ABOUT THIS TASK
Please output the data exactly, minus pictures.

SOURCE DATA

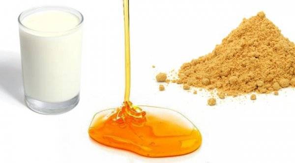 Это вариация популярной медово-горчичной маски. Ложку порошка смешать с теплым молоком и добавить чайную ложку меда. Смесь после нанесения выдерживают до 15 минут.
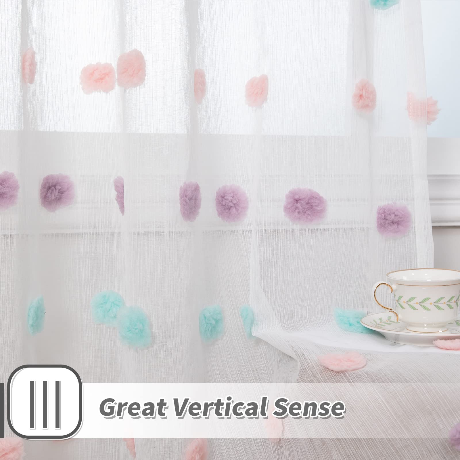 MYSKY HOME Rainbow Pom Pom White Sheer Curtains 37x54 In. Long - 54 Inch
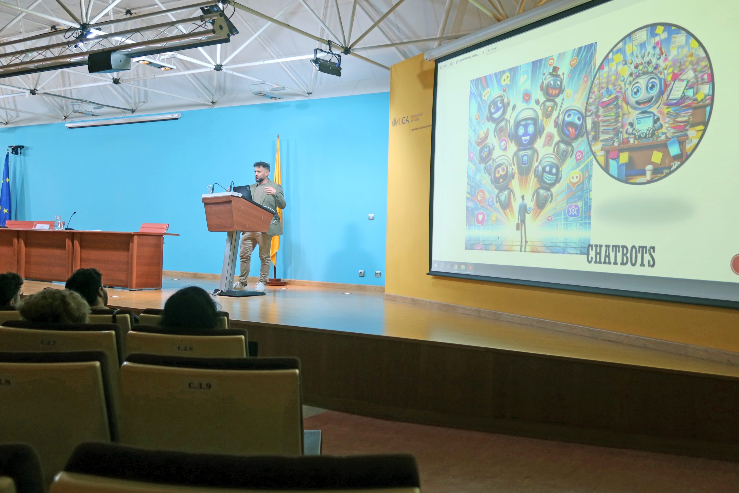 En cuanto al Chatbot Botseriu, creado por y para el alumnado de Lingüística de la UCA, el coordinador las Jornadas ha detallado que esta tecnología se basa en “categorías de conocimiento”, con un sistema “simple” de reconocimiento de patrón, de “pregunta y respuesta”, pero “la complejidad viene en crear tantas unidades de conocimiento como posibles interacciones haya, la dificultad es prever lo que te pueden preguntar y generar estos patrones”.
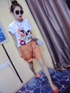 歐洲站2015夏季新款套裝女 唐老鴨印花百搭T恤 潮 /

PROBLEM SOLUTION
 Это вариация популярной медово-горчичной маски. Ложку порошка смешать с теплым молоком и добавить чайную ложку меда. Смесь после нанесения выдерживают до 15 минут.
 MYSKY HOME Rainbow Pom Pom White Sheer Curtains 37x54 In. Long - 54 Inch
 En cuanto al Chatbot Botseriu, creado por y para el alumnado de Lingüística de la UCA, el coordinador las Jornadas ha detallado que esta tecnología se basa en “categorías de conocimiento”, con un sistema “simple” de reconocimiento de patrón, de “pregunta y respuesta”, pero “la complejidad viene en crear tantas unidades de conocimiento como posibles interacciones haya, la dificultad es prever lo que te pueden preguntar y generar estos patrones”.
 歐洲站2015夏季新款套裝女 唐老鴨印花百搭T恤 潮 /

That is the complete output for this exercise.